Fin 2014, changement radical. Attiré par le marketing mobile et le digital, Augustin saisit l’opportunité d’implanter l’agence lilloise Phoceis à Shanghai.

Au cours de ces 7 dernières années, cet expert en stratégie digitale a réussi à saisir la complexité du marché chinois pour accompagner efficacement les entreprises étrangères désireuses de pénétrer ce marché au potentiel énorme. Dans cette interview, il partage sa vision du pays qui attire toujours plus de regards et de convoitises.

Pouvez-vous nous en dire plus sur Phoceis ?

Phoceis est une agence lilloise présente sur le marché de la stratégie digitale et mobile en France depuis 2009. En tout, nous avons développé plus d’une centaine d’applications mobiles natives. Parmi les principaux clients de l’agence à Lille, il y a le géant Auchan. Lorsque le groupe a gagné une proposition commerciale en 2014, ils ont souhaité que Phoceis les accompagne à la conquête du marché chinois.

Depuis 2015, Phoceis Asia est donc installé à Shanghai, et si nous conservons le même ADN que l’agence de Lille, nous utilisons des outils différents, spécifiques au marché chinois. Nos deux principaux axes d’expertise sont l’amélioration du drive to store (via WeChat et toutes les solutions pour les retailers) et du digital in store (Offline-2-Online)

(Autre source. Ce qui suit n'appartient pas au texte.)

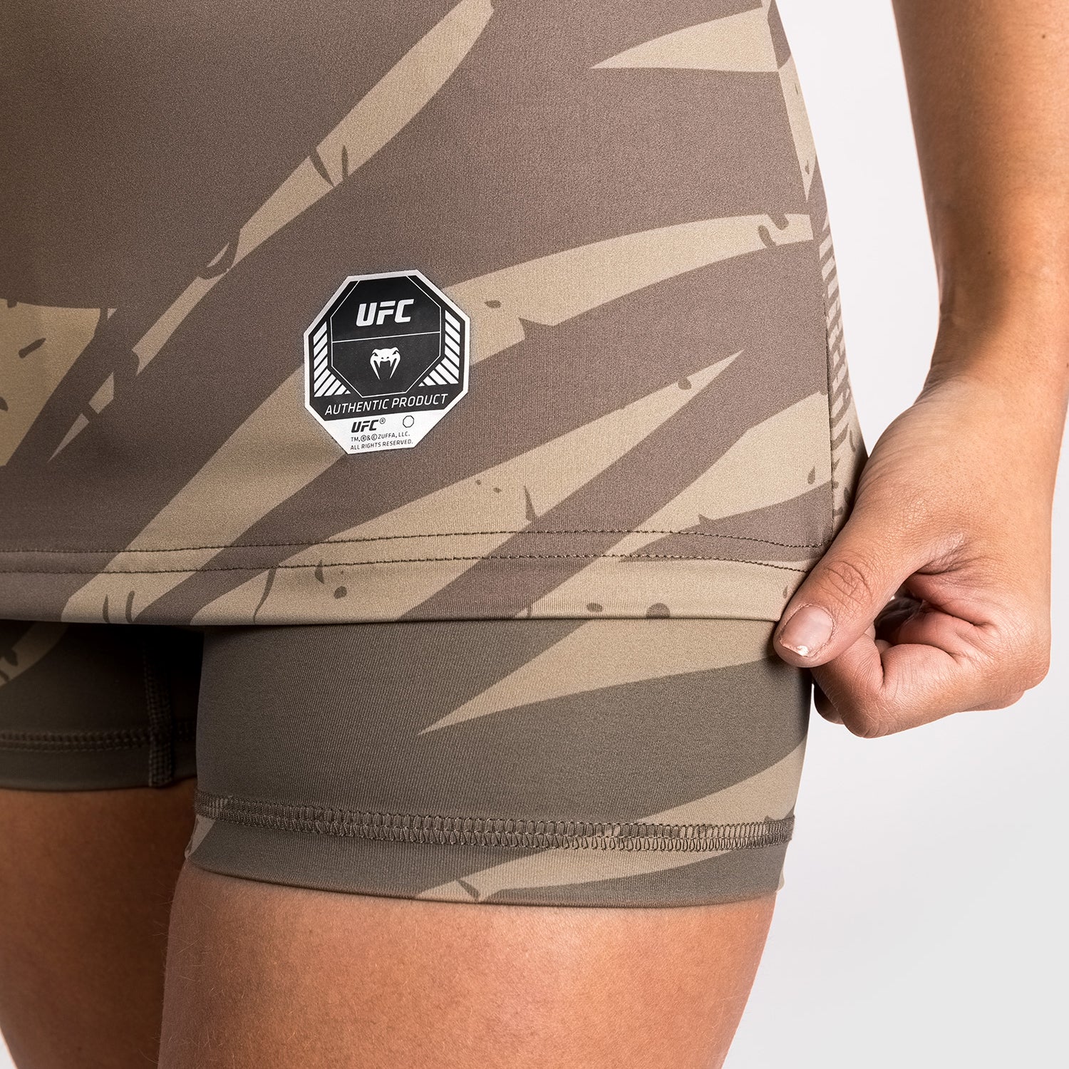 Sein auffälliger Camouflage-Druck mit weißen Venum- und UFC-Logos ist von Athleten inspiriert, die in den Octagon treten, bereit zum Angriff und Konterangriff.

Nous accompagnons des groupes internationaux tels que Lancôme, AccorHotels, Beaujolais, ClubMed, DS Automobile, Ringier ou PSA dans l’élaboration de leur stratégie digitale en Chine. Mais ce n’est pas tout, nous aidons aussi les entreprises à cibler les touristes chinois en Europe. Par exemple, nous conseillons la ville d’Avignon sur WeChat pour attirer et faciliter la visite des touristes chinois, nous avons un partenariat avec Lagardère Travel Retail  dans l’aéroport de Rome, etc.

Quelles sont les caractéristiques spécifiques au marché chinois ?

Les services sont beaucoup plus matures et vont plus loin qu’en Europe. Prenez la réalité virtuelle (VR) pour le commerce. Ici, non seulement on en parle mais ca a déjà été lancé par Alibaba ! L’avantage de la Chine c’est qu’ici tout va très vite ; une non réussite n’est pas forcément signe d’échec. C’est ce dynamisme et cet état d’esprit qui permettent à la Chine d’avoir  5 ans d’avance en ce qui concerne le digital par rapport au reste du monde.

L’économie de partage y est très développée et nombreuses sont les startups (Mobike, Didi) qui construisent leur business modèle autour de ce concept.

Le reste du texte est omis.